According to my textbook, main group elements follow a simple pattern when determining their maximum ionic charge. The maximum cationic charge is always equivalent to their main group number (group number minus 10 for the groups 13 to 18 according to the new IUPAC terminology) while the maximum anionic charge is eight minus that number.

For example, the maximum charge of an aluminium cation (third main group) would be $+3$, the maximum charge of a sulfur anion (sixth main group) would be $-2$.

Some elements form multiple ions, but no charge will be larger than determined by the above method

Is there a similar method or pattern to determine maximum charges of transition metals? Why or why not?


The pattern you observe for main group elements is due to the number of valence electrons present in the s and p subshells of the outermost shell. The most you can do is either lose all those s and p electrons (giving a ‘cation’[1] charged exactly according to the old main group number — new group number minus 10 for groups 13 through 18) or you can fill these up to a total of eight.

For transition metals, a d subshell is in the process of being filled. Since the d subshell of a lower shell is between the s and p subshells of a higher shell according to the aufbau principle, we can imagine that the highest number of ‘usable electrons’ would be 18. This is not typically the case, however.

For the first few transition metals, you can remove as many electrons as are present in the s and d valence subshells (e.g. 4s and 3d). In the 3d series, manganese is the last one that can do this to give manganese(VII), in the 4d series ruthenium can reach ruthenium(VIII) and in the 5d series iridium can reach iridium(IX).[2] For the remaining elements of a certain transition metal period, the highest accessable oxidation state again decreases. You can find an overview of the maximum oxidation states known for certain elements on Wikipedia.

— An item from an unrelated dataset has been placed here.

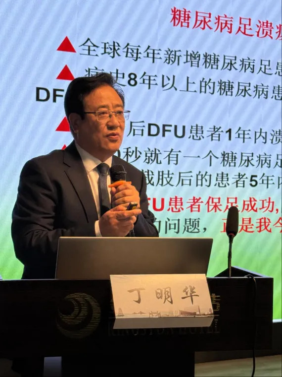 ▲河南大学附属南石医院创面修复中心名誉主任丁明华主任医师作《中西医结合创新治疗糖尿病足溃疡》专题讲座
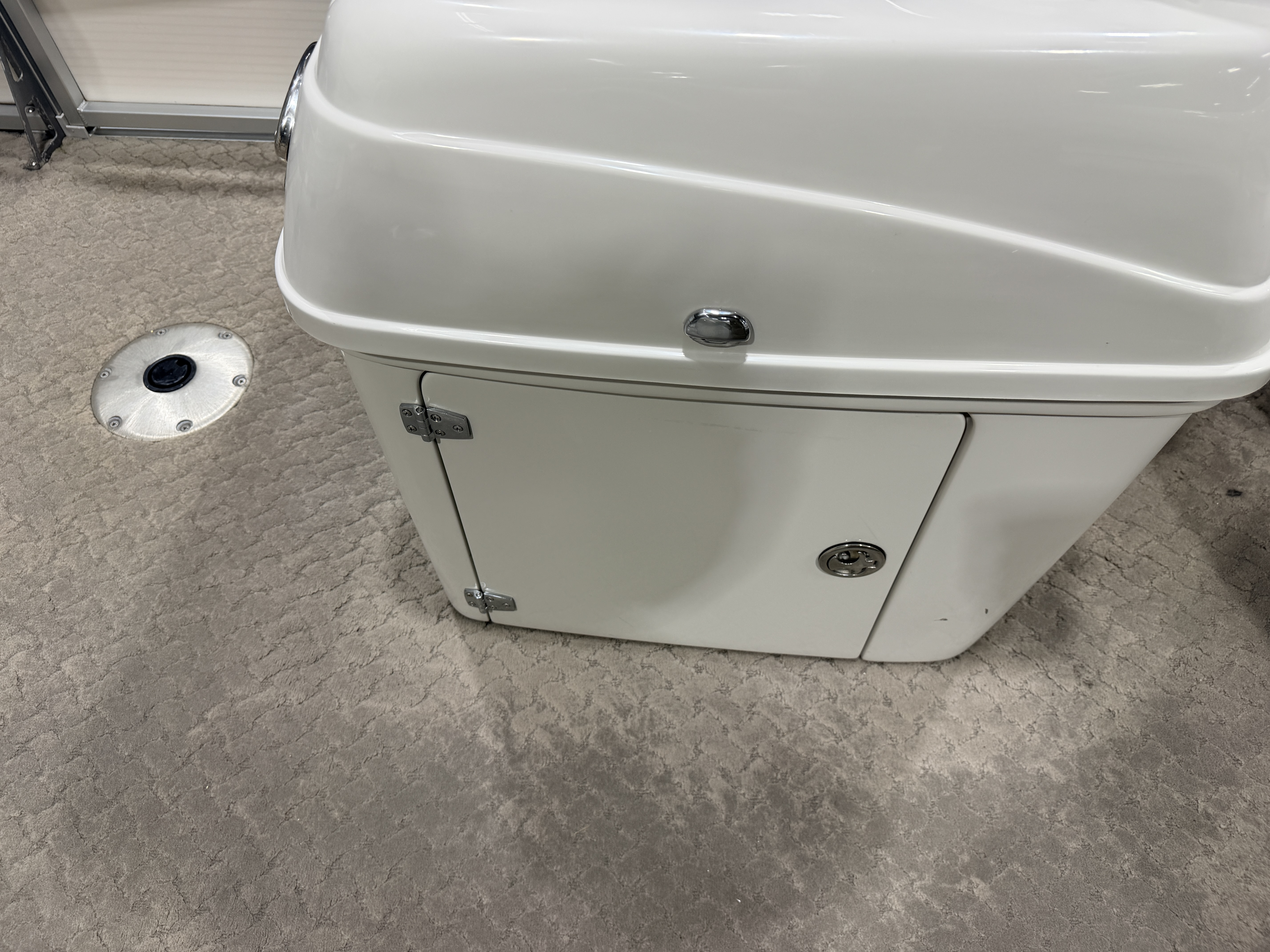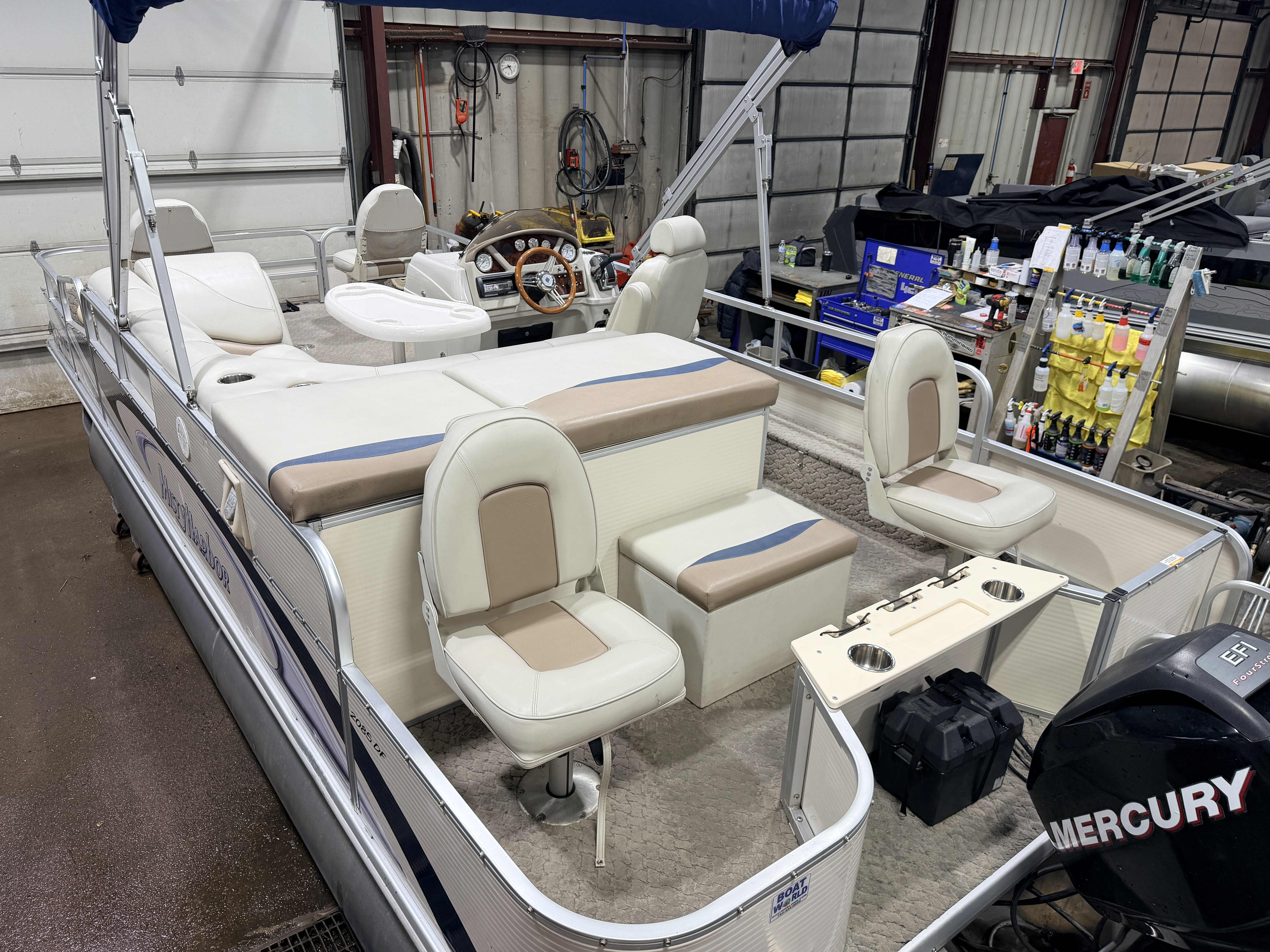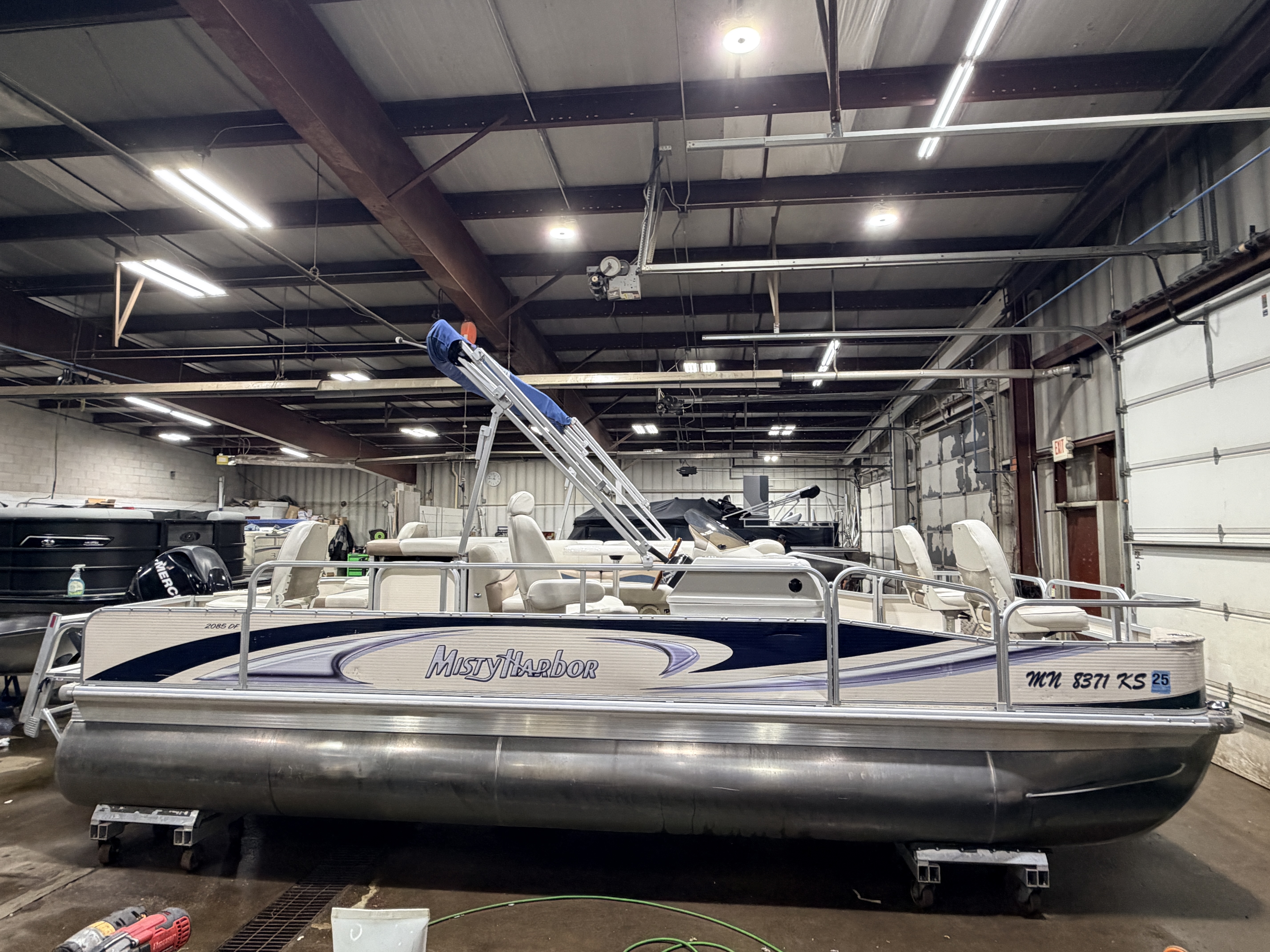 2010 Misty Harbor 2085DF Quad Fish Pontoon & 50HP Mercury Fourstroke EFI. Interior seating includes Captain's Chair, L-shaped couch, and 4 fishing seats with 6 mounting locations. Features include fiberglass helm stand with Speedometer, Tachometer, Fuel, Volt and Trim gauge, Clarion Stereo, Bimini top, mini corner consoles in front, Fishing Rod Storage, vertical rod storage, Livewell, Privacy/Changing Station, Sun Deck, Table with 2 mounting locations, Courtesy Lights, Docking Lights, Fold-down Swim Ladder with platform.

The only elements that again follow a somewhat more simple scheme are the zinc group (zinc, cadmium and mercury). Since these have a completely filled d subshell in ground state, they are reluctant to give away any d electrons; hence their highest observed charge is $2+$, as if they were in group 2. (Indeed, they behave like group 2 metals in a lot of other respects, too; except mercury which is slightly different again.)

When it comes to the highest possible negative charge or oxidation state, things are more complicated yet again. Since all transition metals are metals, they are not commonly found as anions or anionic particles although some are more likely to than others. For some of these — typically the iron group and the two following groups — this corresponds to $12 - \text{group number}$. This small trend is more of an exception than of a rule, though. Note, for example, how zinc, cadmium and mercury are all known as in the $\mathrm{-II}$ state which does not make sense immediately just looking at the respective shells and subshells.

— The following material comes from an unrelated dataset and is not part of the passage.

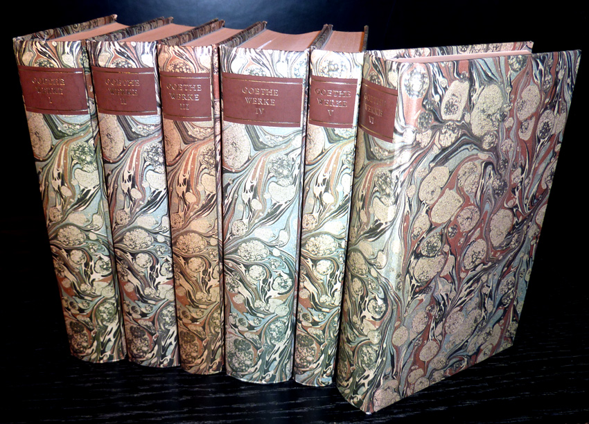 Goethe, Johann Wolfgang, Werke. Sechs Bände. Frankfurt, Insel 1981. Kl.-8°. Zus. 2592 S., marmor. OPappbde. mit goldgepr. Rückentiteln (ein Band farblich etw. abweichend). Gut erhaltene Reihe. * I. Gedichte. West-östlicher Divan. II. Die Leiden des jungen Werther. Die Wahlverwandtschaften. III. Wilhelm Meisters Lehrjahre, 1. Teil. IV. Wilhelm Meisters Lehrjahre, 2. Teil. Hermann und Dorothea. Das Märchen. V. Iphigenie auf Tauris. Egmont. Torquato Tasso. VI. Faust I. Faust II.
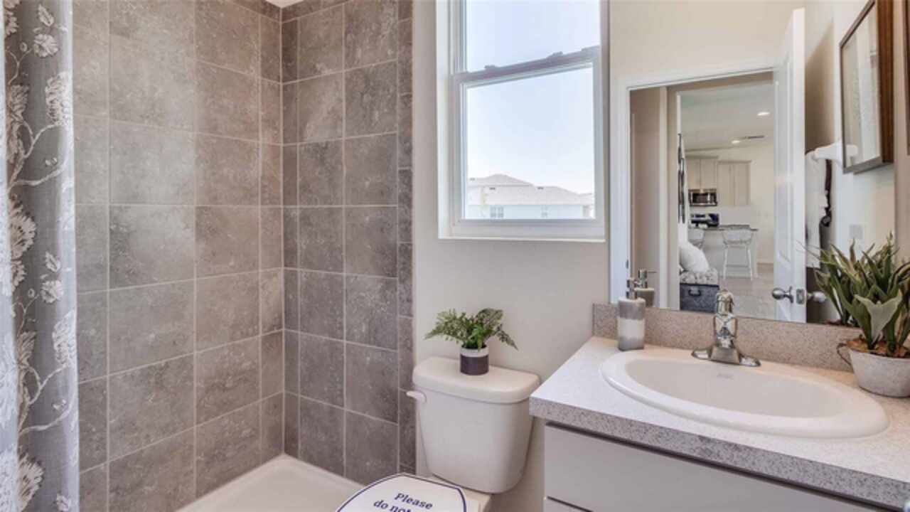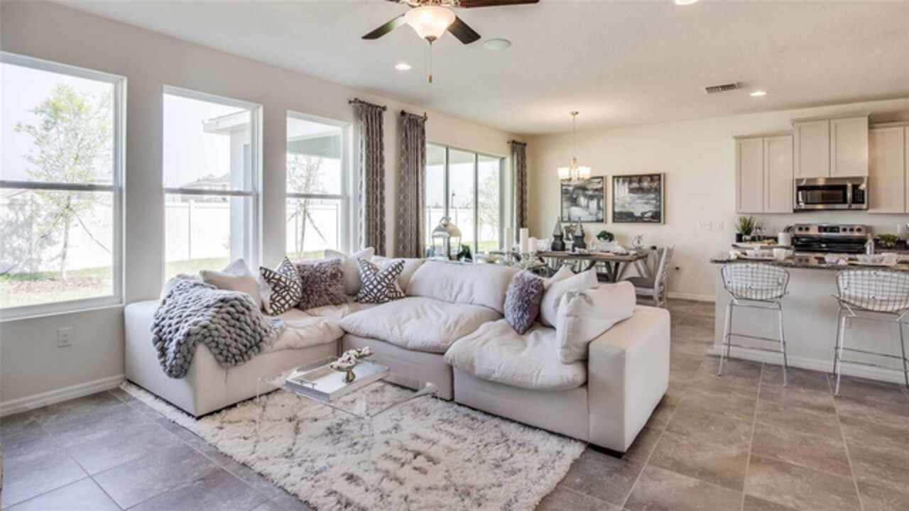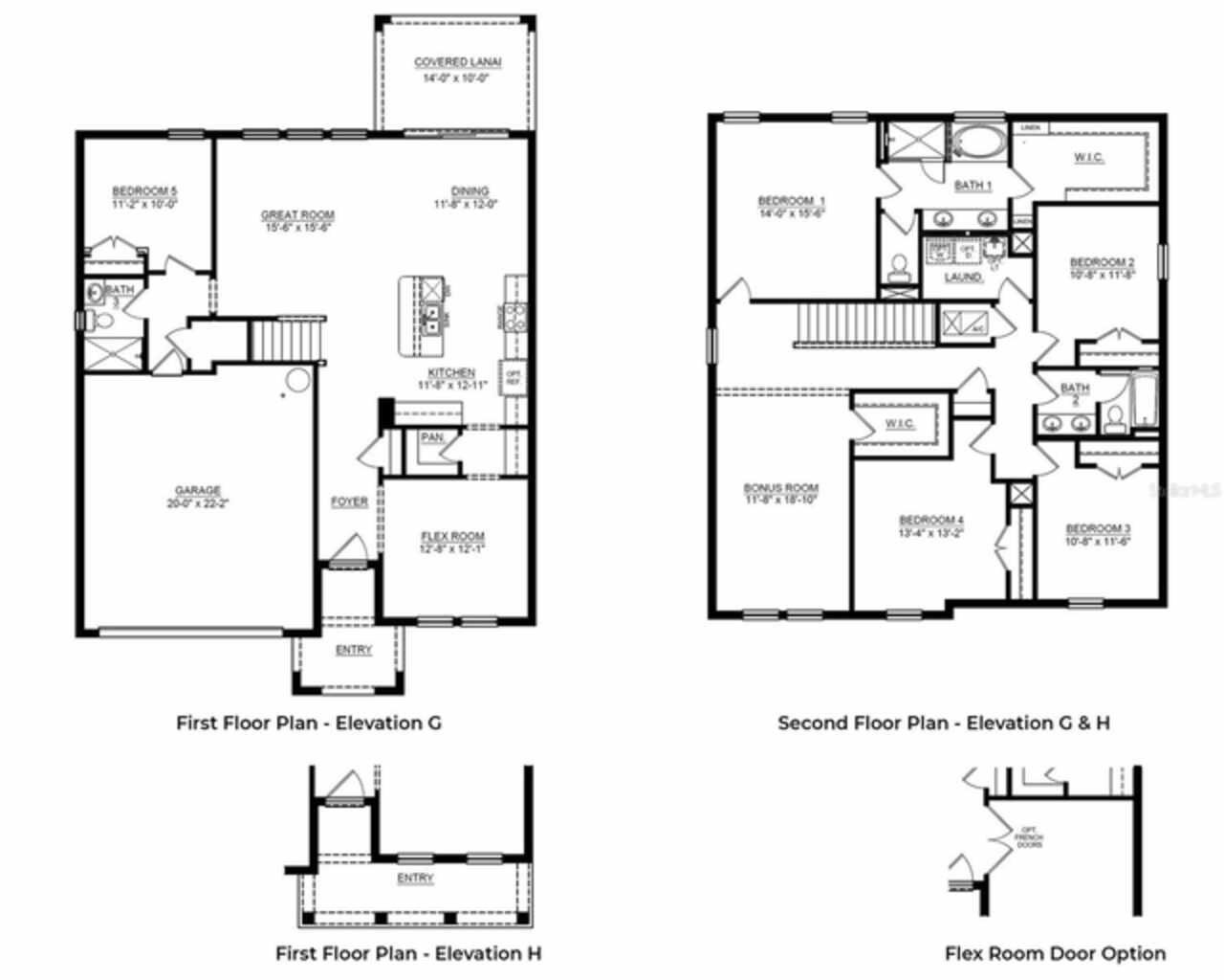 Under Construction. MOVE IN READY! ALL CLOSING COSTS PAID + Special Interest Rates with the use of our preferred lender - Now through Dec. 14th. Don't miss your chance - only a few homes left in this community! This two-story, all concrete block constructed, two-car garage home has a large open concept kitchen overlooking the great room and dining area that leads to a covered lanai. The first floor also provides a flex room upon entering the home, as well as a spacious guest bedroom and full bathroom. Upstairs there is a large bonus room, great for work or for play, as well as Bedroom 1 with ensuite bath, three additional bedrooms, a third full bathroom, and a well-appointed laundry room. This home comes with stainless-steel dishwasher, electric range, and microwave. Pictures, photographs, colors, features, and sizes are for illustration purposes only and will vary from the homes as built. Home and community information including pricing, included features, terms, availability, and amenities are subject to change and prior sale at any time without notice or obligation.

Many of the actually observable oxidation states can be rationalised by doing a complex molecular orbital analysis of the corresponding compounds. However, for most of these there is no simple and immediately obvious pattern that one can use — with the notable exception of the small bit of pattern outlined in the third paragraph.


[1]: A better term here would be oxidation state. For many elements the highest possible free cation is not known but a compound with a corresponding oxidation state is.

[2]: Again, none of these are observable as free cations in standard chemistry; rather they are in compounds. Hence I have stopped using the term charge and started using oxidation state.